For the past eighty-five years, there has been a ban on filming in English and Welsh courts. The pathological need for faces and identities was instead filled by newspapers printing photographs and badly drawn sketches of the bad guys. This ban may soon be lifted by Justice Secretary Kenneth Clark, to allow for the sentencing to be broadcast. The demand to know that the judge agrees that the mass murderer is very naughty indeed is currently served by journalists writing down m’lud’s summaries verbatim, but Clark hopes that televisual broadcasts will allow the public to “judge for themselves how we are performing.” Indeed, the standard of the judge’s attire, diction and general appearance should definitely be as open to scrutiny as the judgement.
Dominic Grieve QC, on the other hand, is deeply concerned that such a move could turn trials into a piece of theatre; serving as a platform for ‘eccentric’ judges to grandstand upon, as though any legal professional is going to wrap up a case through the medium of interpretive dance or, more realistically, with unjustly harsh sentencing, although the rampant judge-shaming in the papers hasn’t elicited the punishments people demand. US courts (in which sentencing is filmed) still dish out sentences that the public decide are not harsh enough, Casey Anthony’s ‘not guilty’ verdict for the murder of her two year old daughter being a prime example.
The law will continue to keep witnesses and crooks under wraps for the full ten minutes before their faces are spunked out all over the front pages. For sure, those involved with a crime will always be safe from a lens in court, and allowing sentencing remarks isn’t the given inch that will turn into a mile, but the camera doesn’t have to be pointed at the victims to head for the hills. The issue is not that the trials will end up as an MTV reality show with a sarcastic narrator, but rather the lack of respect shown for victims of crime. The fragility of a rape victim is exploited enough by over-zealous QCs examining their past sexual history and dress sense in court, without the public then agreeing that she does indeed ‘sound a bit tarty’ from behind their television screens and troughs. If the conviction rate for rape and other sexual offences drops below its already deplorable level, there’ll be even less of the HARD JUSTICE that people love to see.

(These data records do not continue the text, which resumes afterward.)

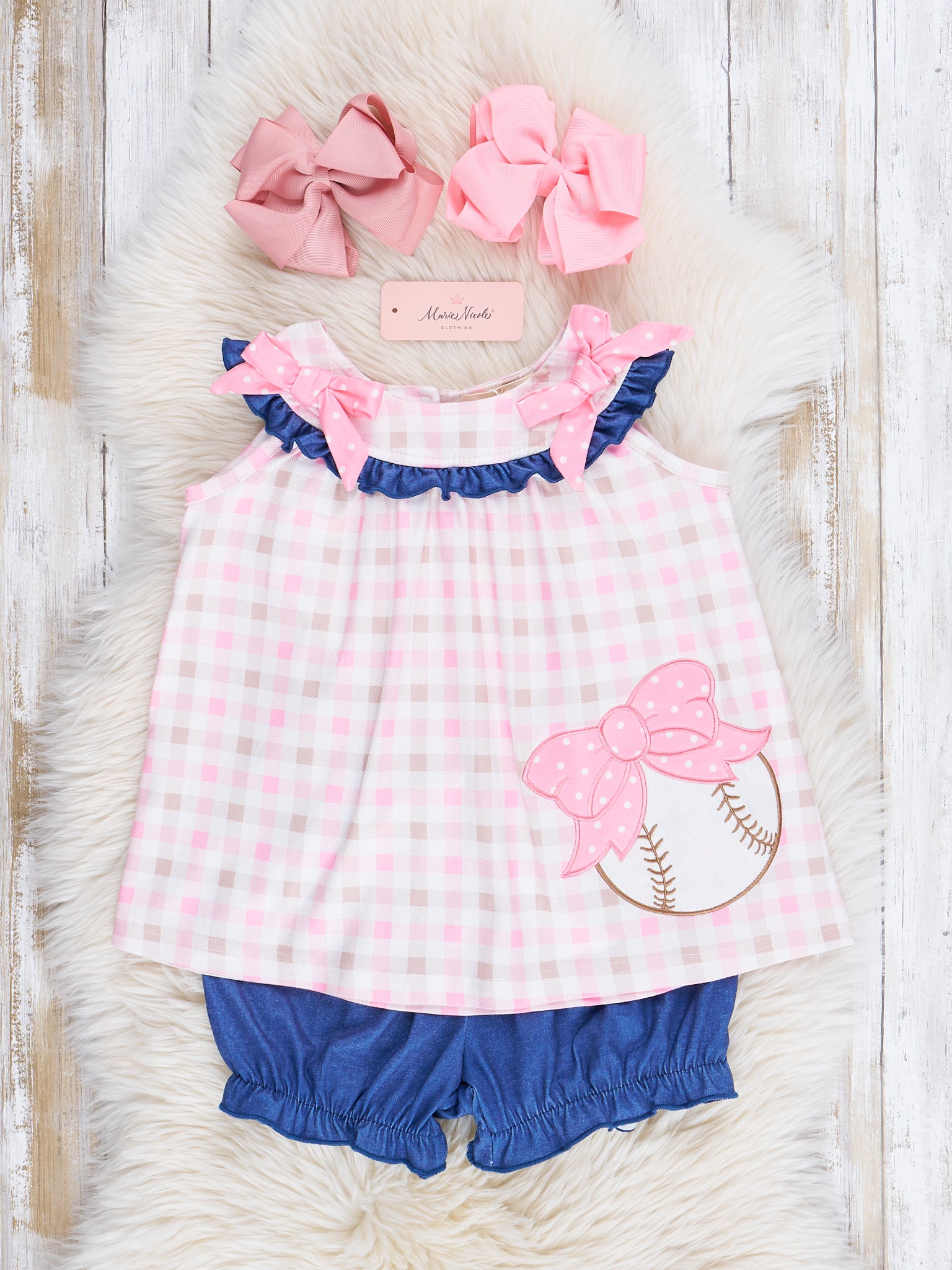 Pink & Navy Gingham Embroidered Baseball Ruffle Outfit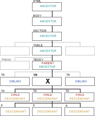 De drie td-tags binnen een tr-tag zijn siblings van elkaar. - Ancestor (voorouder)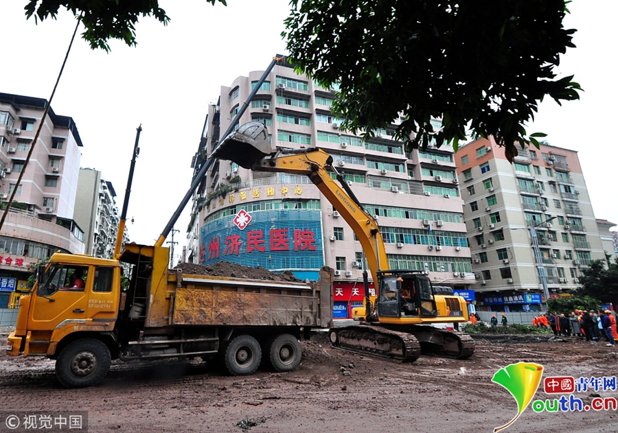 中國青年網(wǎng)北京10月9日電 2018年10月8日消息,四川達州。10月8日從四川省達州市達川區(qū)委宣傳部獲悉,7日14時30分左右,達川區(qū)東環(huán)南路103號人行道路面發(fā)生塌陷險情,經(jīng)調(diào)取視頻監(jiān)控和走訪周邊群眾,救援人員初步判斷疑似有4人掉入坑中。圖片作者:視覺中國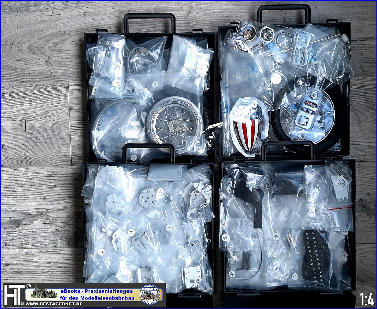 Vier Kisten voller Bauteile, viele davon aus Metall, warten darauf zu einem Kultmotorrad zusammengeschraubt zu werden.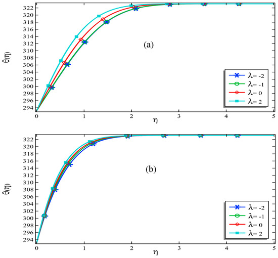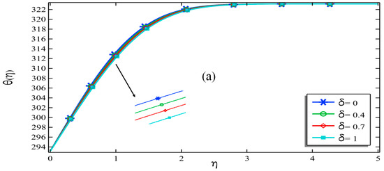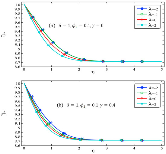 In Figure 9a, it was noted that regardless of the estimations, the temperature outline decayed as the estimations escalated, and the temperature outline was maximum at = 0. In Figure 6a, it was noted that when = 2, the temperature decrement occurred rapidly. Furthermore, in Figure 9a, it was noted that when = 0, the temperature decrement was much slower. In Figure 9a, it was noted that when = −2, the temperature decrement was faster than in the case of = 2. Here, = 0 indicated a no-suction condition.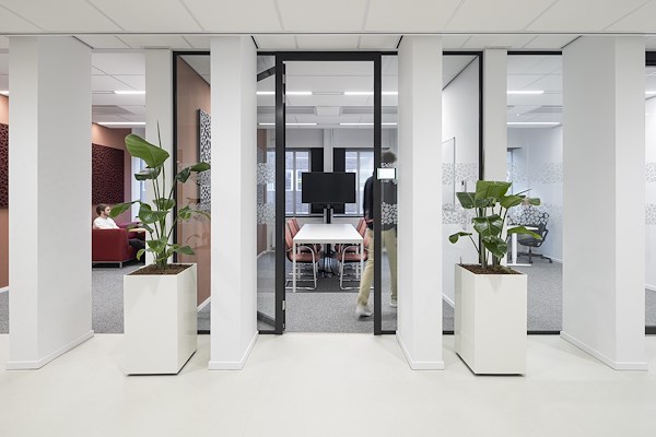 De werkomgeving is ingedeeld volgens de principes van Activiteit Gerelateerd Werken. Er is uitgebreide variatie in werkplekken wat betreft omvang en functie, zodat er een veel verschillende overlegvormen en werkactiviteiten kunnen plaatsvinden.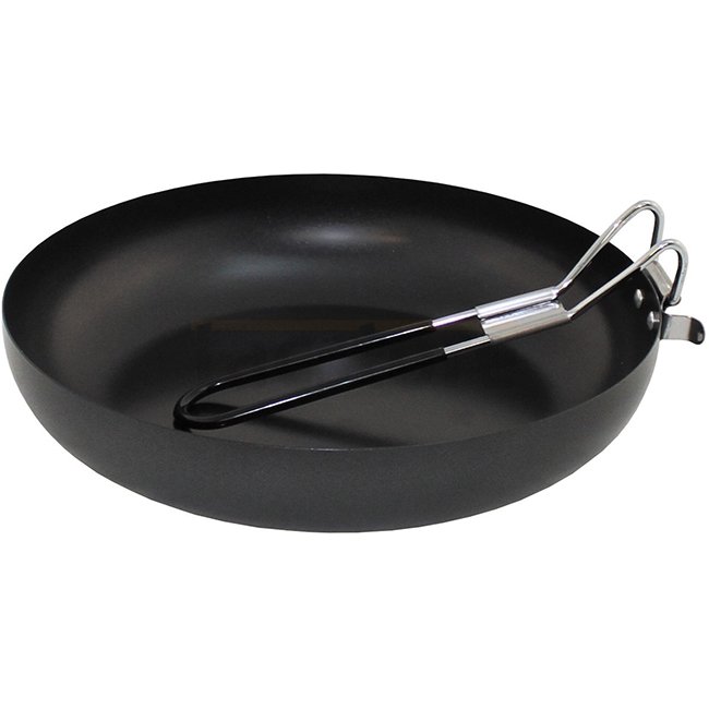Poêle à frire Compact FoxOutdoor, design pliable avec poignée recouverte de caoutchouc. Dispose d'un revêtement antiadhésif pour une cuisson facile. Non adapté pour le feu ouvert. Dimensions : 24 x 5 cm, Poids : 460 g. Fabriqué en acier à 100 %.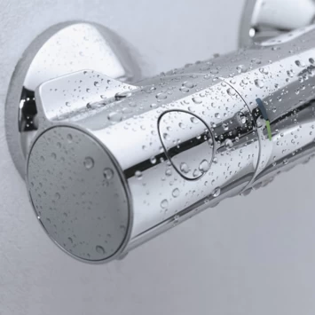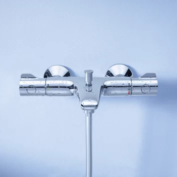 Met deze badkraan hoef je nooit meer elke keer de watertemperatuur te regelen. De GROHE TurboStat® technologie zorgt ervoor dat het water altijd op de door jou ingestelde temperatuur is. Die stel je overigens heel eenvoudig en precies in met behulp van de duidelijke aanduiding van GROHE EasyLogic. Zeep aan je handen? Dan nog is het regelen eenvoudig dankzij de vleugelvormige grepen. De kraan is ook voorzien van SafeStop, zodat het water nooit zomaar te heet kan worden. Daarmee is ook een kinderhuidje goed beschermd tegen te heet water. GROHE EcoJoy® is de waterbesparingsfunctie waarmee je tot wel 50% op je verbruik bespaart. De kraan is uitgevoerd met de glanzend chromen GROHE StarLight® beschermlaag die bovendien bijzonder onderhoudsvriendelijk is.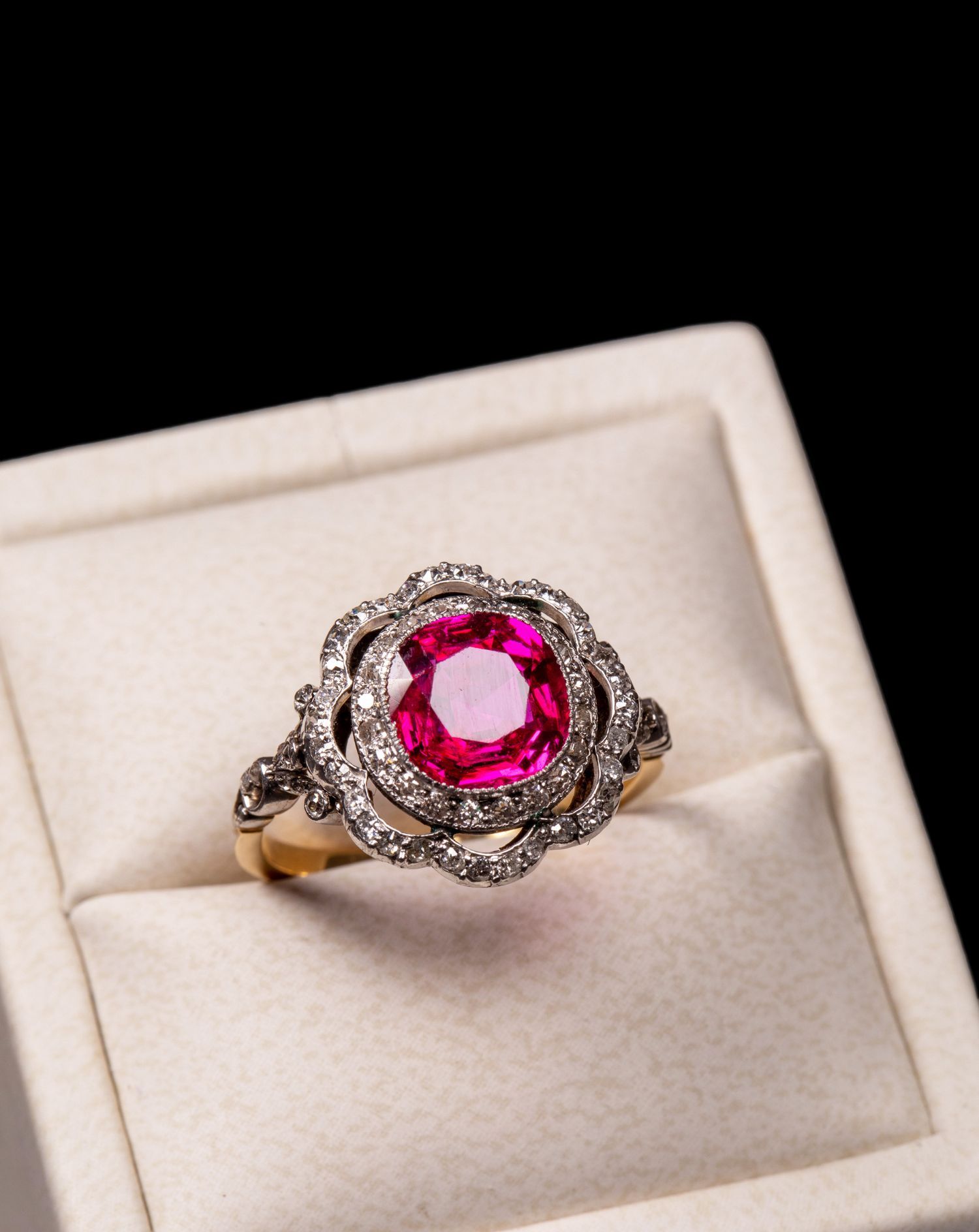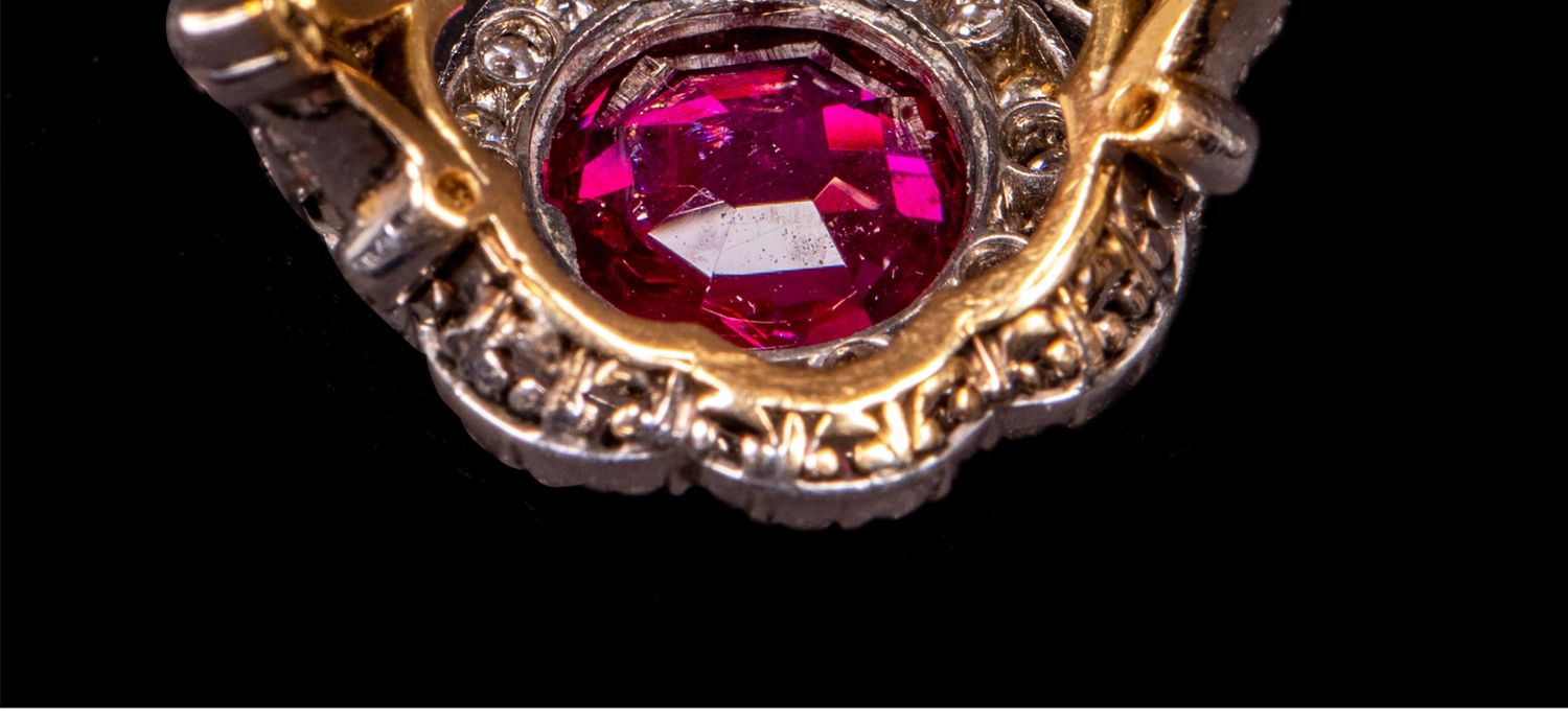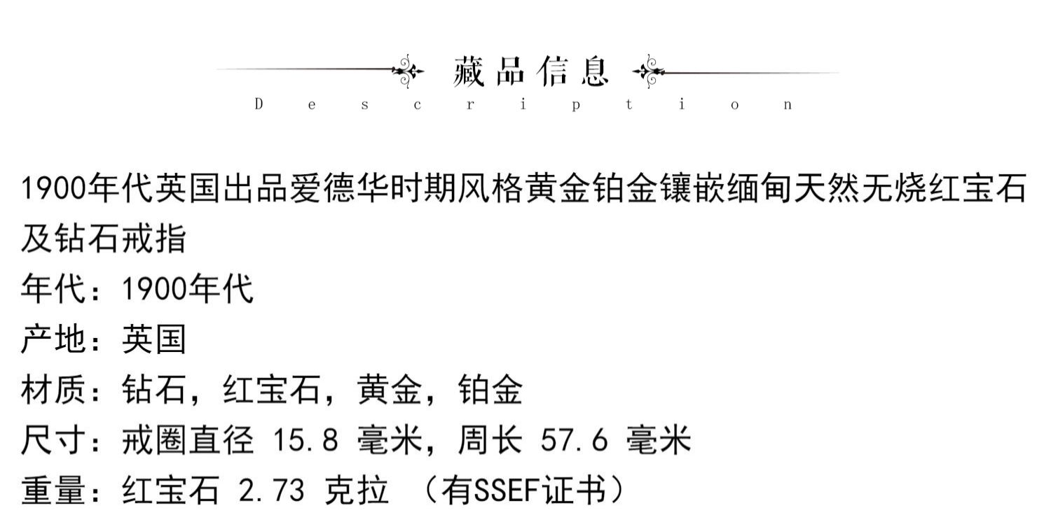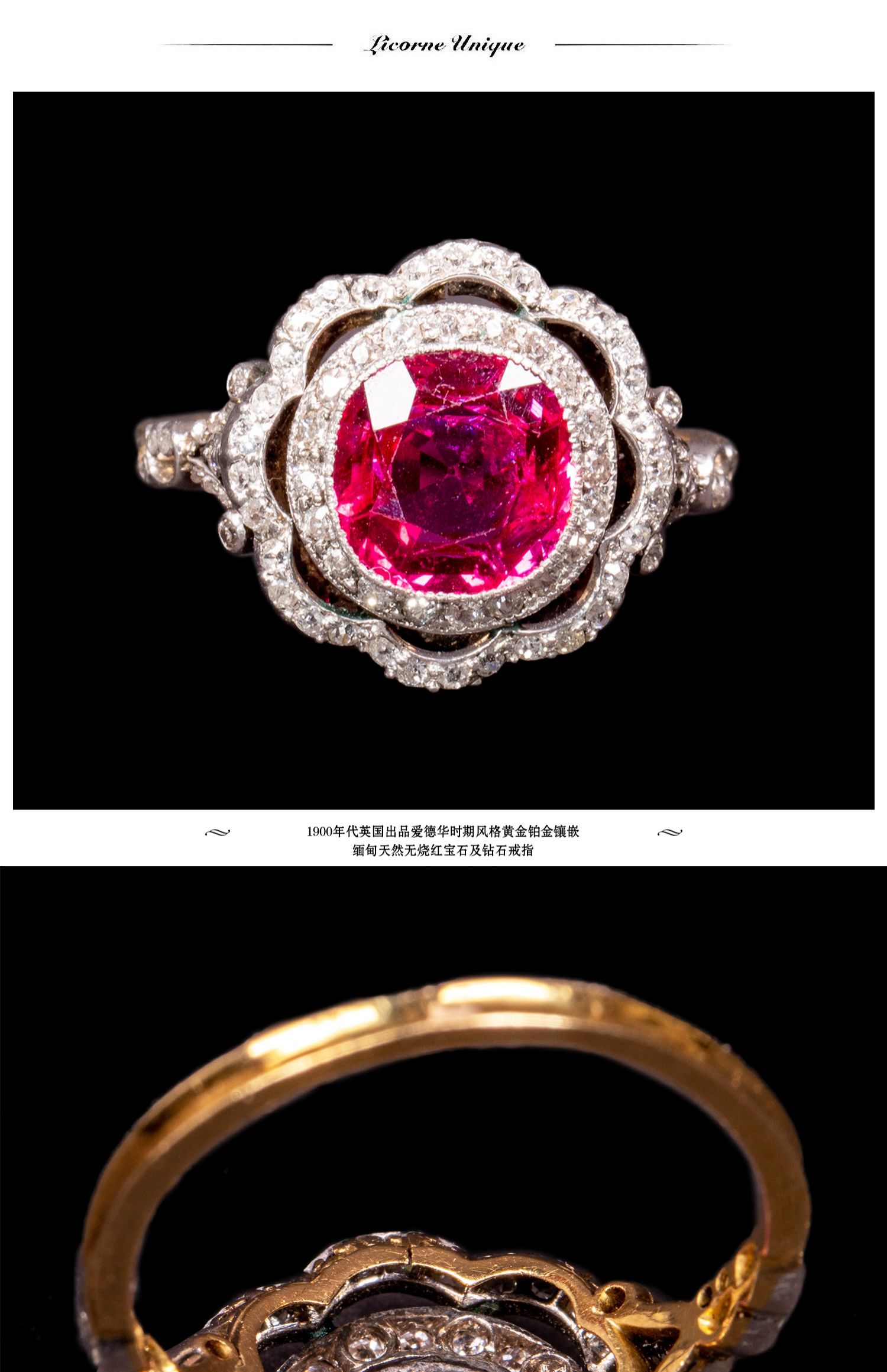 独角鹿西洋古董首饰女戒爱德华黄金铂金镶嵌缅甸红宝石钻石戒指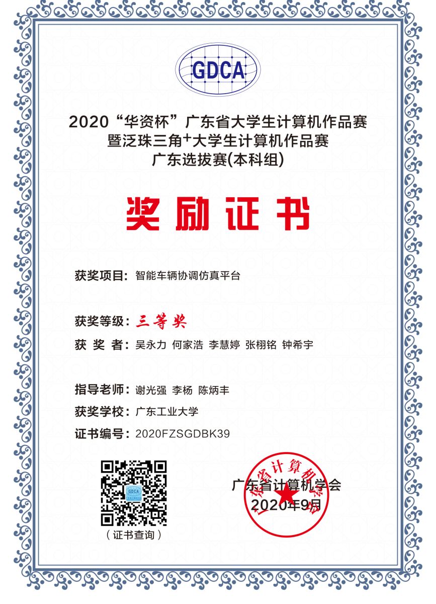 我校作品《工程环境下的安全急救系统》荣获一等奖,《智能车辆协调仿真平台》荣获三等奖。其中作品《工程环境下的安全急救系统》代表广东省于10月26日至10月30日赴澳门、珠海出席“泛珠地区大学生计算机作品赛总决赛”资格。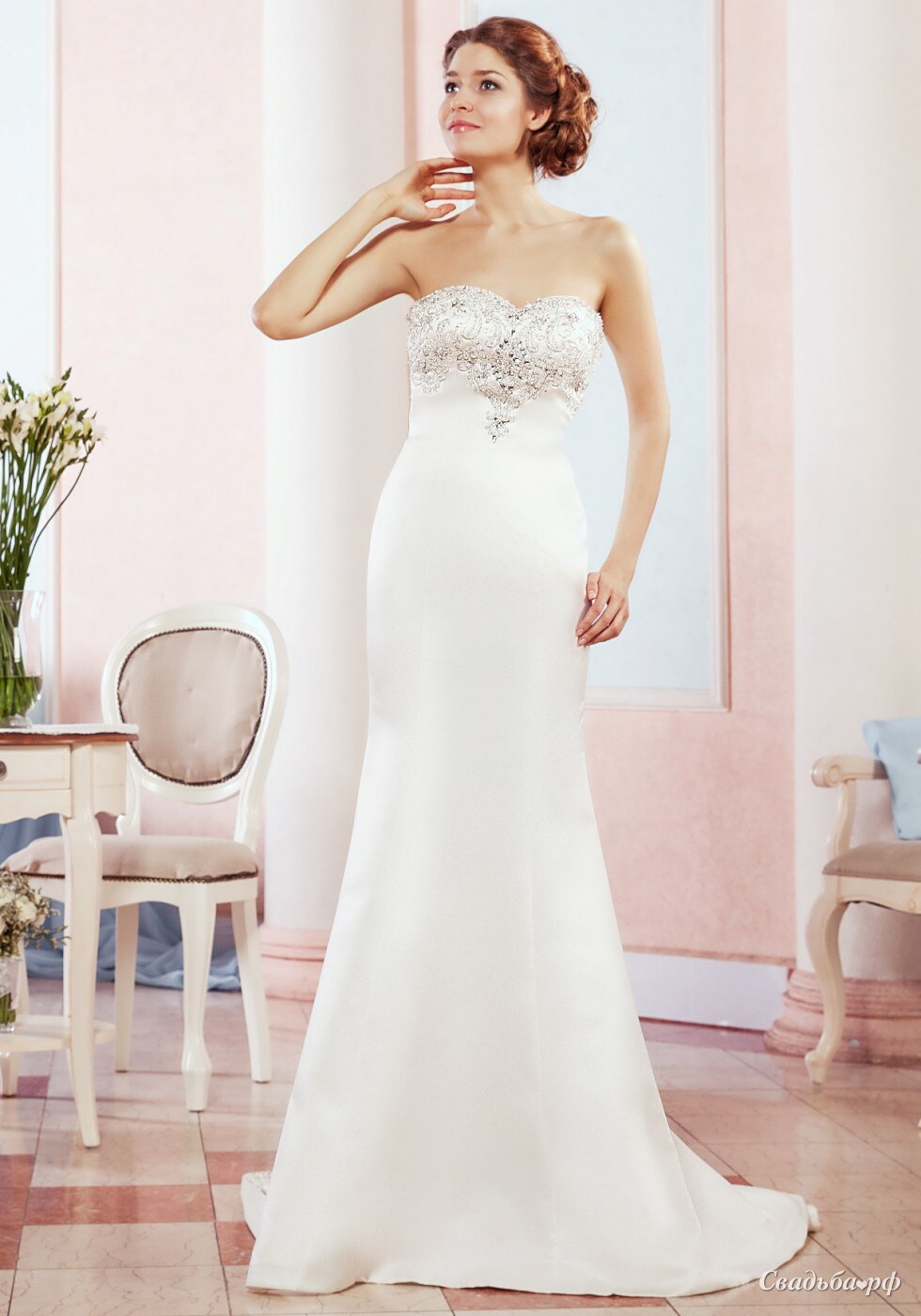 Шикарное атласное платье силуэта русалка в цвете айвори, с изумительной открытой спинкой и расшитым корсетом.

Will filming affect the judgement? Perhaps the judge will be more inclined to wash his wig in case his Mum’s watching, but it won’t throw his objectivity out the window. At least, one would hope that the British legal system is above caving in to such shallow and superficial pressures. The most that sentencing will offer in full 1080p HD is yet more sensationalist moral outrage for the baying mobs to sink their teeth into. Another block of oak for the press to fling upon the bonfire of public nosiness? I think so.